I certainly know this isn’t unique to my blog. Read almost any blog on philly.com, and people are just ruthless in the comments section. Clearly, negative reactions to a post prompts people to actually write a comment more than a positive one. I get that. But some people are clearly just waiting for a particular writer to post to rip them. Maybe it really is the relative anonymity that gives people their bravado. Although philly.com no longer links to blogs of commenters, it was always clear in the past that the rudest people rarely had their own blogging efforts going. Their asinine responses is no doubt what prompted the need to register in order to comment.
I hope to avoid that. I still welcome comments, including on this subject, and hope to avoid limiting it to registered Blogger users so I can ban anyone that gets too stupid. But if you’re going to challenge me, be prepared for a response.
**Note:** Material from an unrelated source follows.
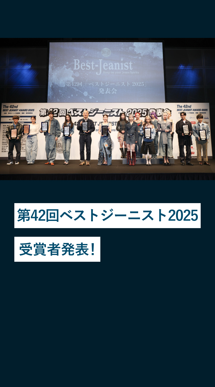 「ベストジーニスト」AWARDは、日本ジーンズ協議会が、ジーンズの良さを多くの方々に知っていただこうという趣旨で行っているものです。「ベストジーニスト」には、『一般選出部門』『協議会選出部門』の部門があり、各部門ごとに、毎年1回選出・表彰される賞です。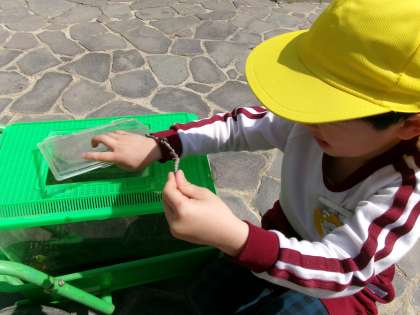 小さな生き物をかわいがり、親しみをもつ経験となりますね。違いに気づき、自分の言葉で知らせることも大切な力として育っていきます。

If you’re going to call me stupid, prove it, or I’ll point out why maybe you’re the idiot. If that offends you, or you must get personal, don’t comment.
Comments
Rob,
It is funny that people get all bent out of shape over differences in opinion. Anyway, I find myself in the awkward position of agreeing with Eagles management vis a vis the Sheldon Brown situation. Now that Hobbs is on board, Sheldon will be a second stringer if he does not get traded. Hopefully, the birds can pick up a 3rd rounder for him.
The birds need to pay the $8m and shut up. Then they can sue for what they think they are owed for the missed pre-season game. This whole netting process and a "secret deal" that the Eagles are positioning as their defense is absurd. Good luck to them in trying to enforce a verbal contract especially since the argument could be made that real estate is involved.
Lastly, I think the Eagles had a very good draft.
I just posted on the draft. I agree -- very solid.
I would register even if it is a pain. I like your stuff even the parts I don't agree with. There is no reason for us not to act in a civil fashion when we disagree. It boggles my mind every time I see personal attacks based on differences in opinion.